- _Directions_
Copy all data exactly. Skip pictures.

Stored data entries:
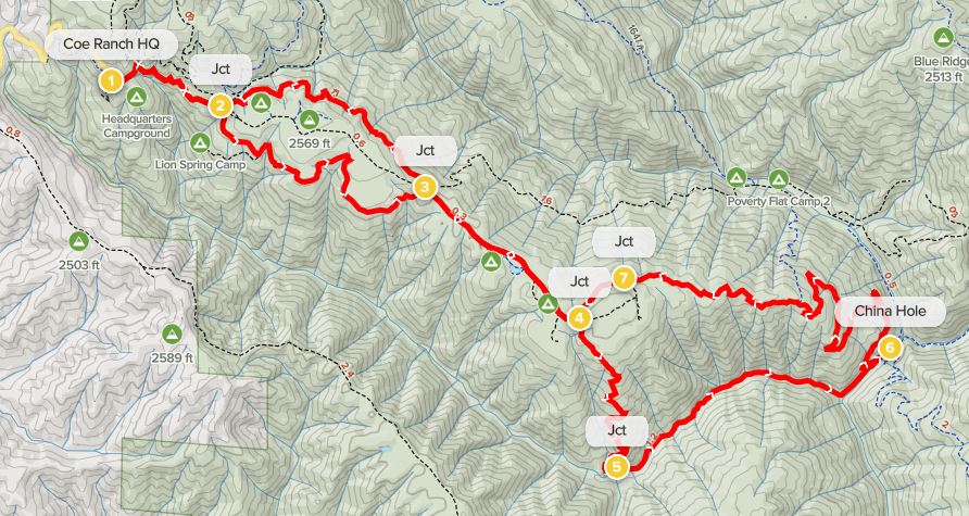 Manzanita Point Group Camps to Coe Ranch Headquarters (2.4 miles)
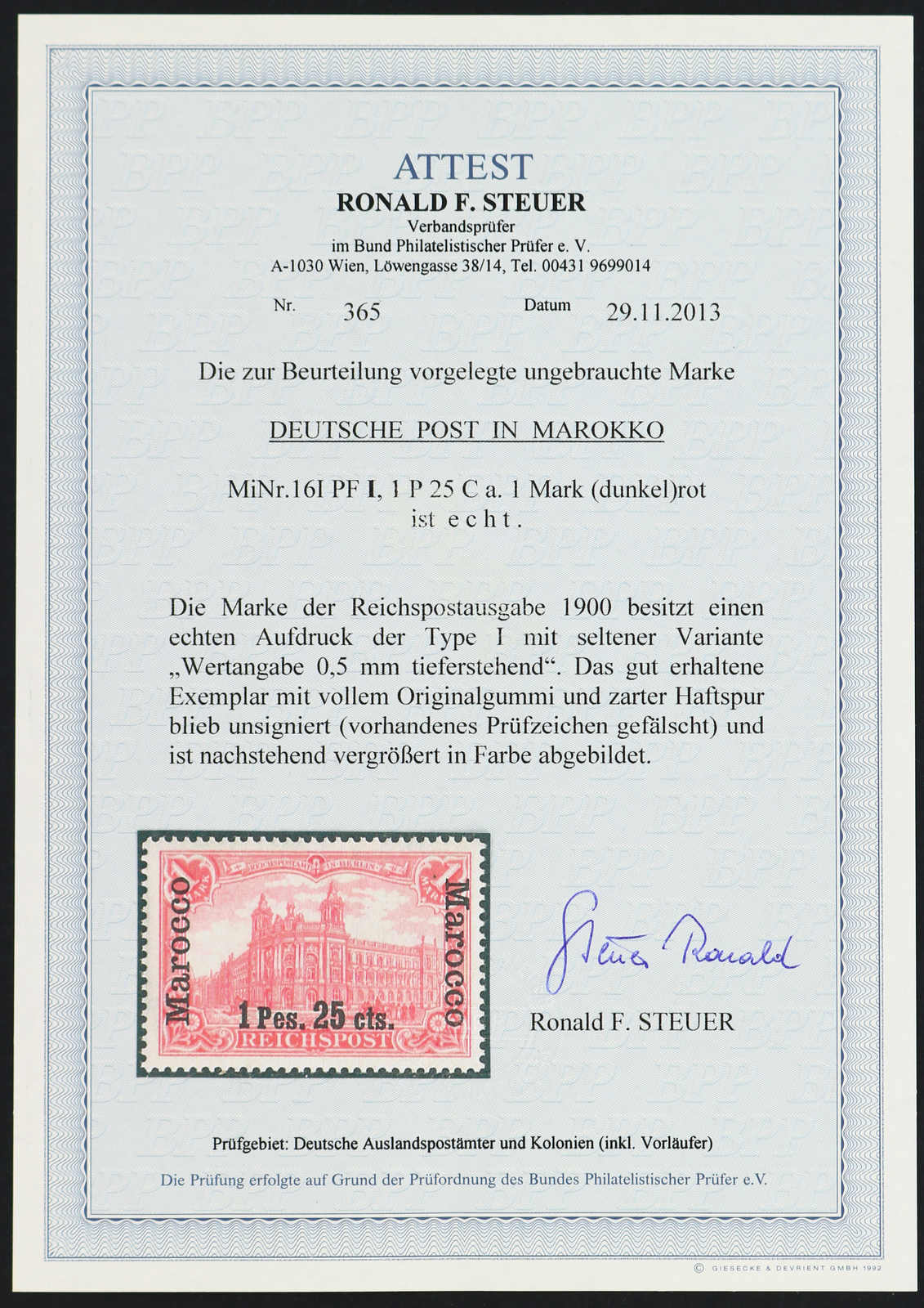 1900, 1 P. 25 C. auf 1 M. Aufdruckausgabe (dunkel)rot, sog. dünner Aufdruck, Aufdruck-Wertangabe 0,5 mm tiefer stehend, ungebraucht, farbfrisch, einwandfrei, signiert, Fotoattest Steuer BPP (ME 500,-) (Image) (imagea)
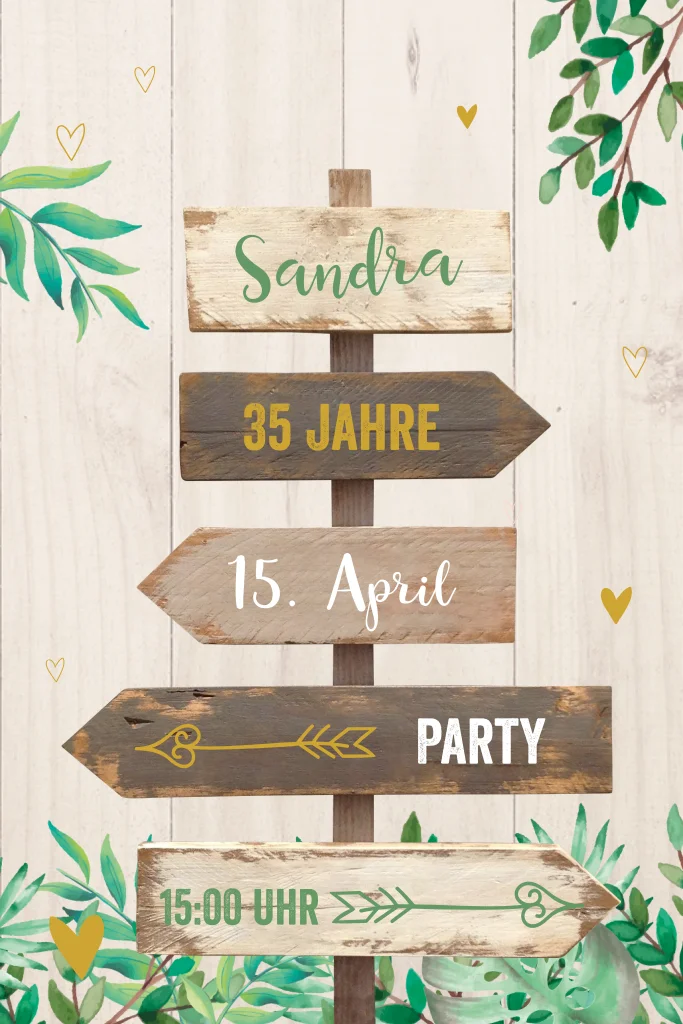 Einladungskarte mit Pflanzen, Wegweiser und goldgelben Herzen
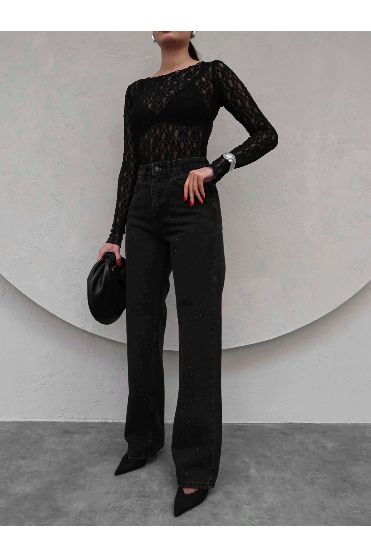 Siyah Taşlı Geniş Paça Jean Pantolon Siyah Taşlı Geniş Paça Jean Pantolon EH-5273 XL
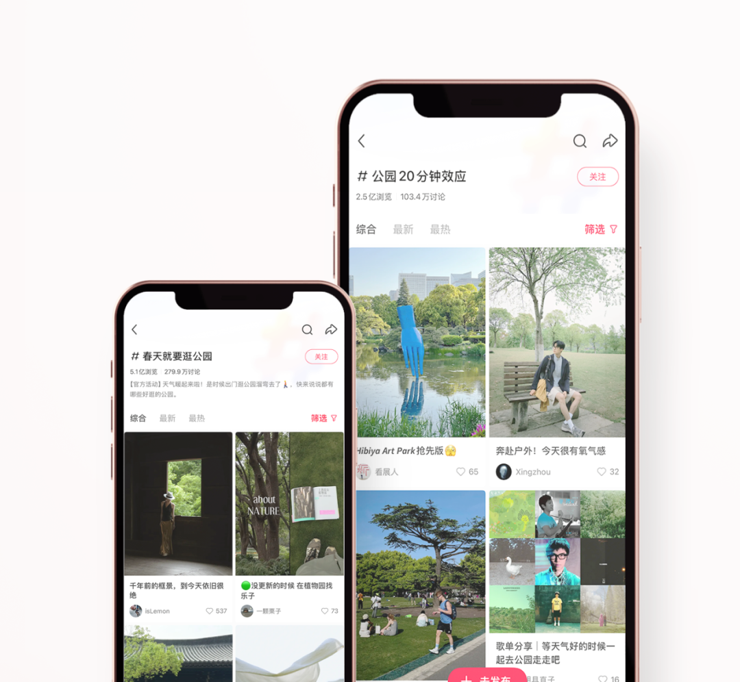 以小红书为例,#春天就要逛公园 相关话题浏览量近 3 亿次,搜索量同比增长 685%,#公园 20 分钟效应 相关话题浏览量超 8000 万次,皮划艇、徒步、钓鱼、骑行、野餐等户外活动成为都市人迎接春天的方式。
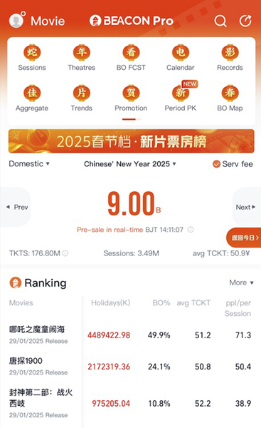 As of 14:11 on February 4, China's 2025 Spring Festival box office (including pre-sales) has soared past the 9 billion yuan mark (around $1.24 billion), according to movie data platform Beacon Pro.
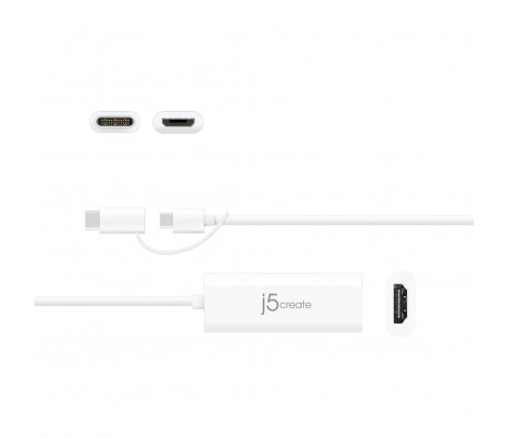 Видео адаптер j5create JUA165C, За андроид, USB-C/USB-B мъжко - HDMI женско, Бял

- _Task output_
 Manzanita Point Group Camps to Coe Ranch Headquarters (2.4 miles)
 1900, 1 P. 25 C. auf 1 M. Aufdruckausgabe (dunkel)rot, sog. dünner Aufdruck, Aufdruck-Wertangabe 0,5 mm tiefer stehend, ungebraucht, farbfrisch, einwandfrei, signiert, Fotoattest Steuer BPP (ME 500,-) (Image) (imagea)
 Einladungskarte mit Pflanzen, Wegweiser und goldgelben Herzen
 Siyah Taşlı Geniş Paça Jean Pantolon Siyah Taşlı Geniş Paça Jean Pantolon EH-5273 XL
 以小红书为例,#春天就要逛公园 相关话题浏览量近 3 亿次,搜索量同比增长 685%,#公园 20 分钟效应 相关话题浏览量超 8000 万次,皮划艇、徒步、钓鱼、骑行、野餐等户外活动成为都市人迎接春天的方式。
 As of 14:11 on February 4, China's 2025 Spring Festival box office (including pre-sales) has soared past the 9 billion yuan mark (around $1.24 billion), according to movie data platform Beacon Pro.
 Видео адаптер j5create JUA165C, За андроид, USB-C/USB-B мъжко - HDMI женско, Бял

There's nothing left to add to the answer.